You may find a sort of pleasing melancholy, of tender romance, in watching the first tints of Autumn stealing over the Summer, from the very first, when

“The long-smouldering fire within the trees
Begins to blaze through vents,”

until,—tree by tree, wood by wood, landscape by landscape,—they stand in their glory—

“The death-flushed trees, that, in the falling year,
As the Assyrian monarch, clothe themselves
In their most gorgeous pageantry to die.”

Then the first frosts, and the calm clear mornings, and the grey fresh blue of the evenings, with their sprinkling of intensely piercingly glittering stars.

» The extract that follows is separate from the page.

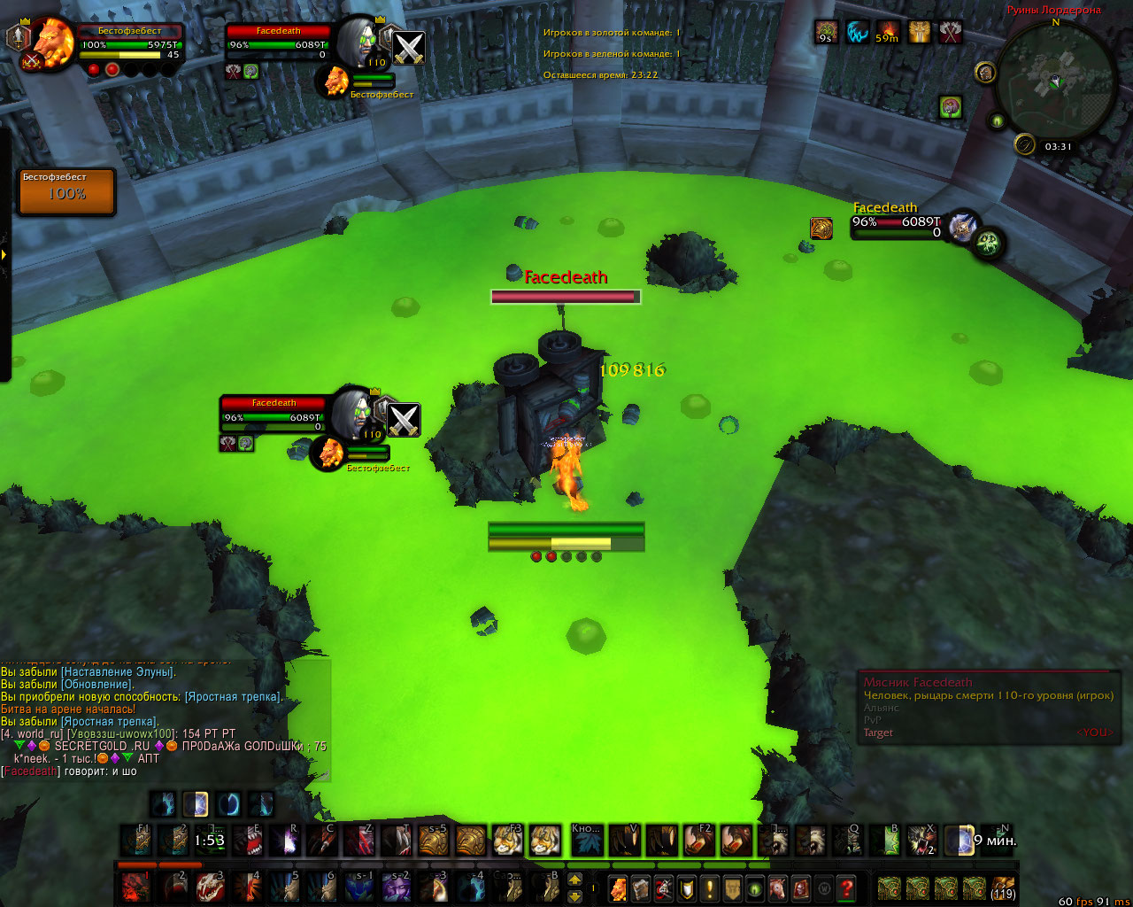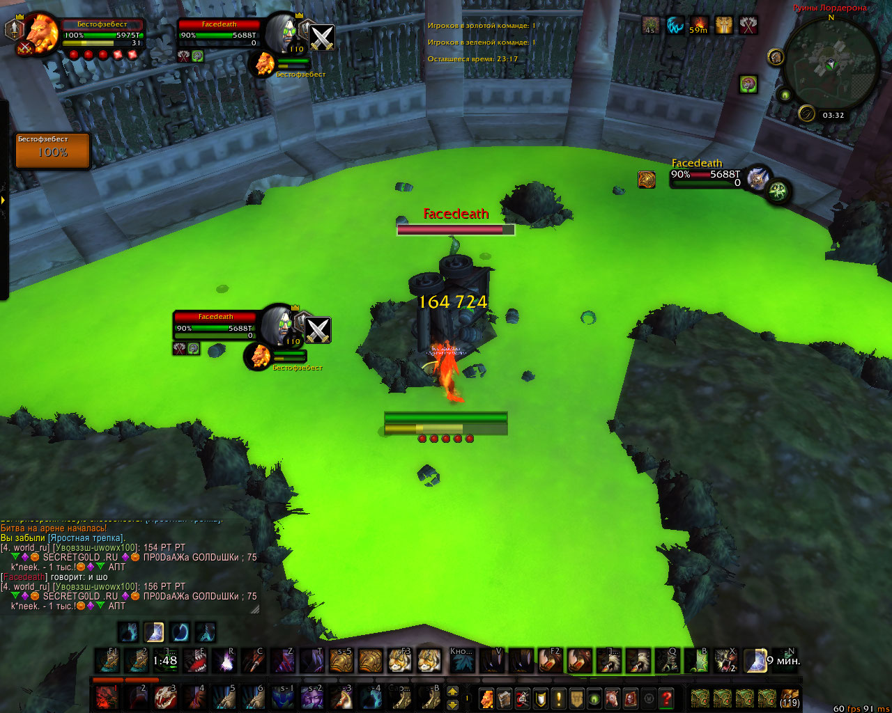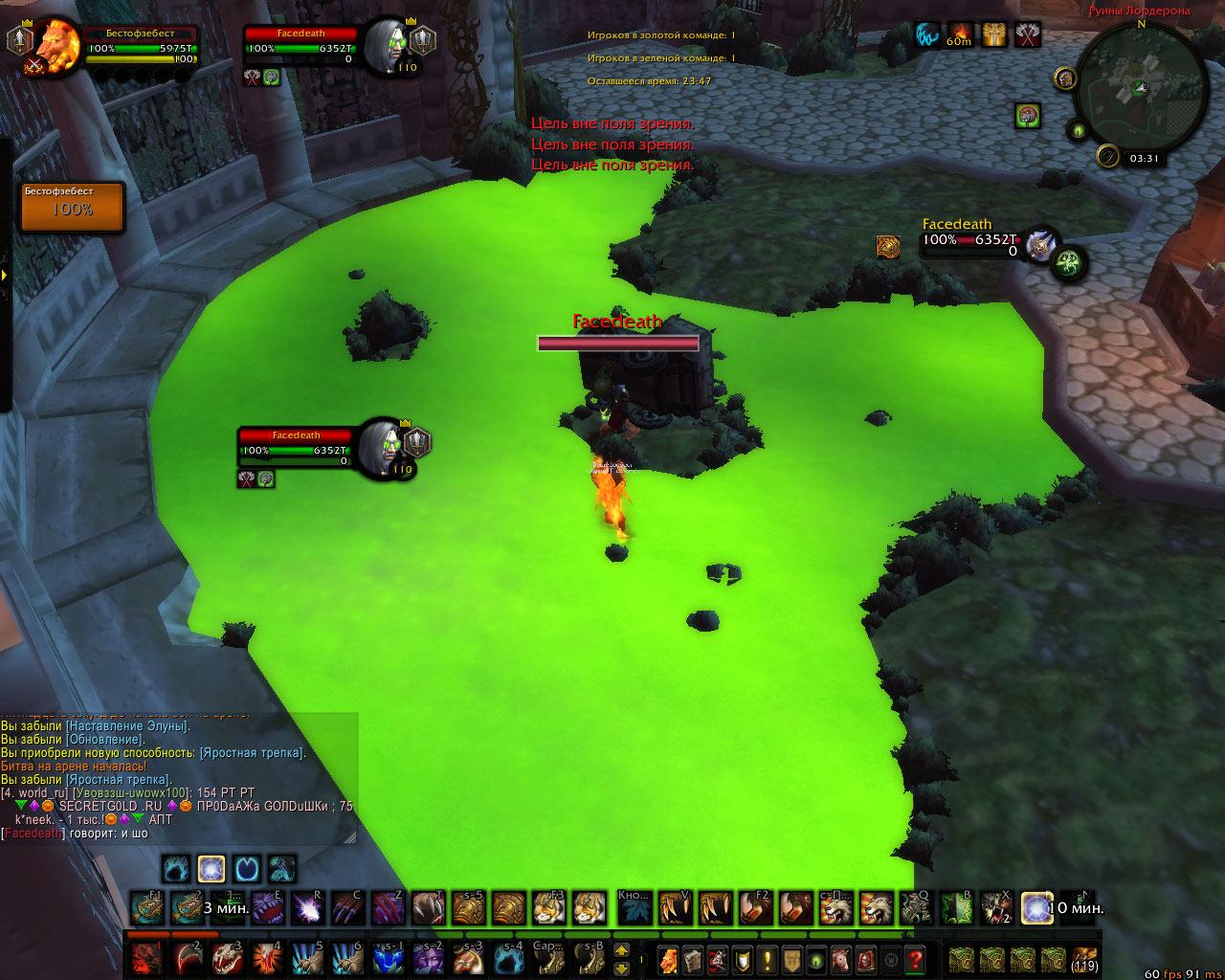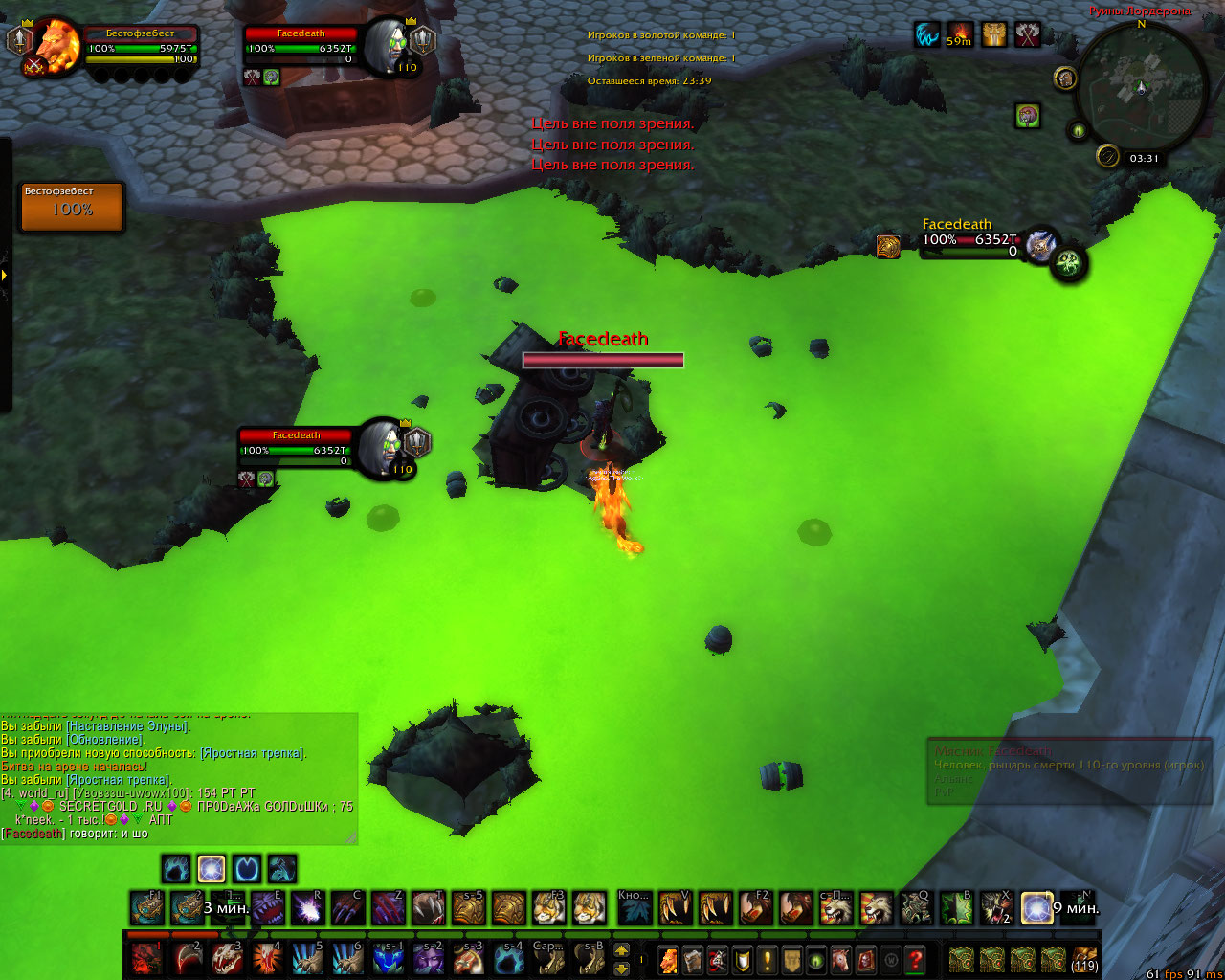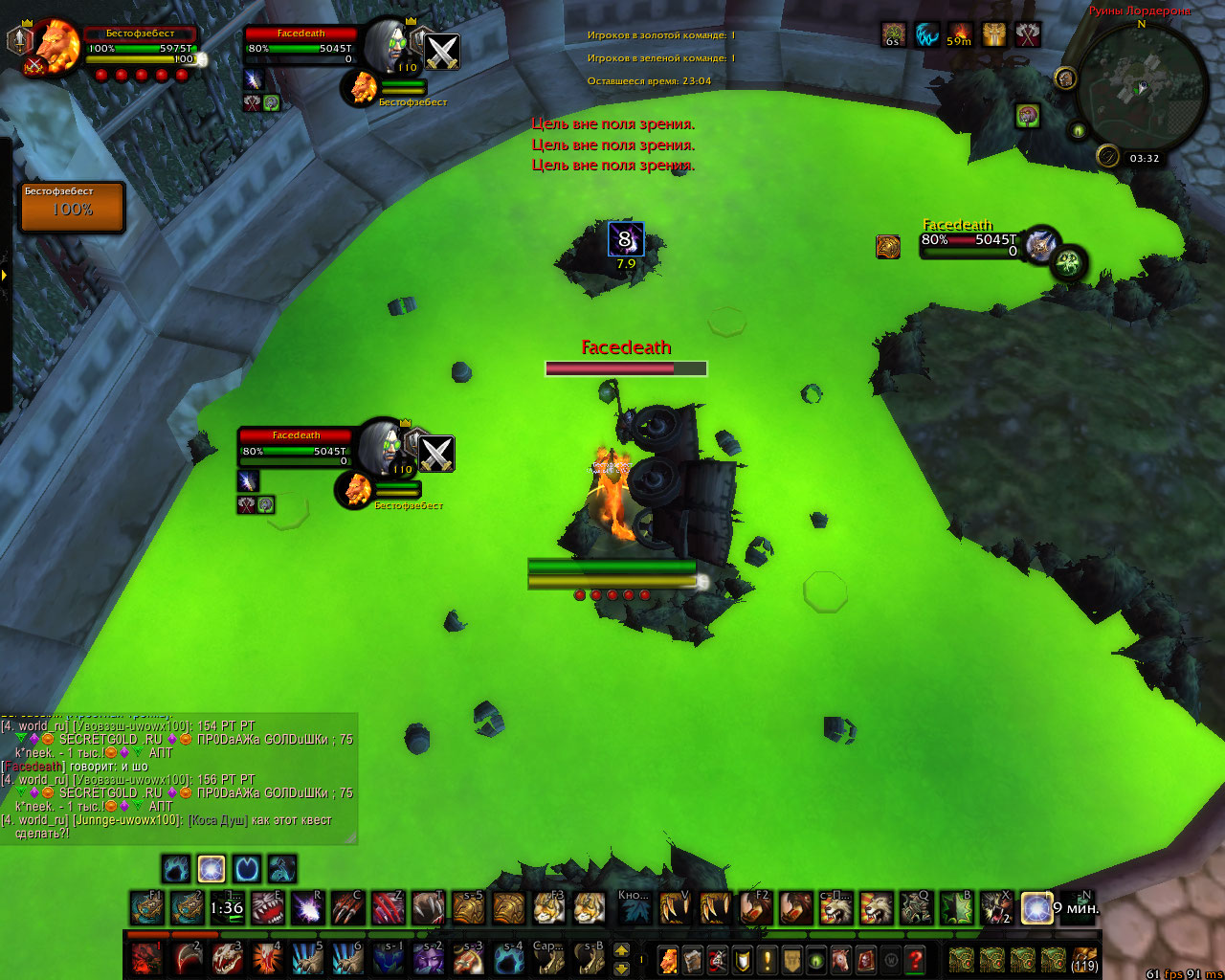 | Description | Текстура вагонетки на арене Руины Лордерона поломана, что позволяет игрокам заходить в "лос" от противников, тем самым получая преимущество на арене | ||||

And then the deep spell upon the trees is broken, and we stand and watch while, now in a shower and now singly,

“The calm leaves float
Each to his rest beneath their parent shade,”

and the year seems just passing away like a beautiful dissolving view.

There is also something to keep you up, something of excitement and stir, and glow, in the brave October days, when a great wind comes roaring and booming over the land, and you see the tall ash trees toss up their wild arms in dismay, and a deep roar gathers in the elms, and a far hissing in the pines, and from that beech avenue,

“The flying gold of the ruined woodlands
Drives through the air.”

You can walk out, and press your hat on to your head, and button your coat, and labour up the rising downs, yielding no foot to the blustering screaming wind; and a glow and exhilaration tingles in your veins as you march on, with pace no whit slackened for all its vehement opposition.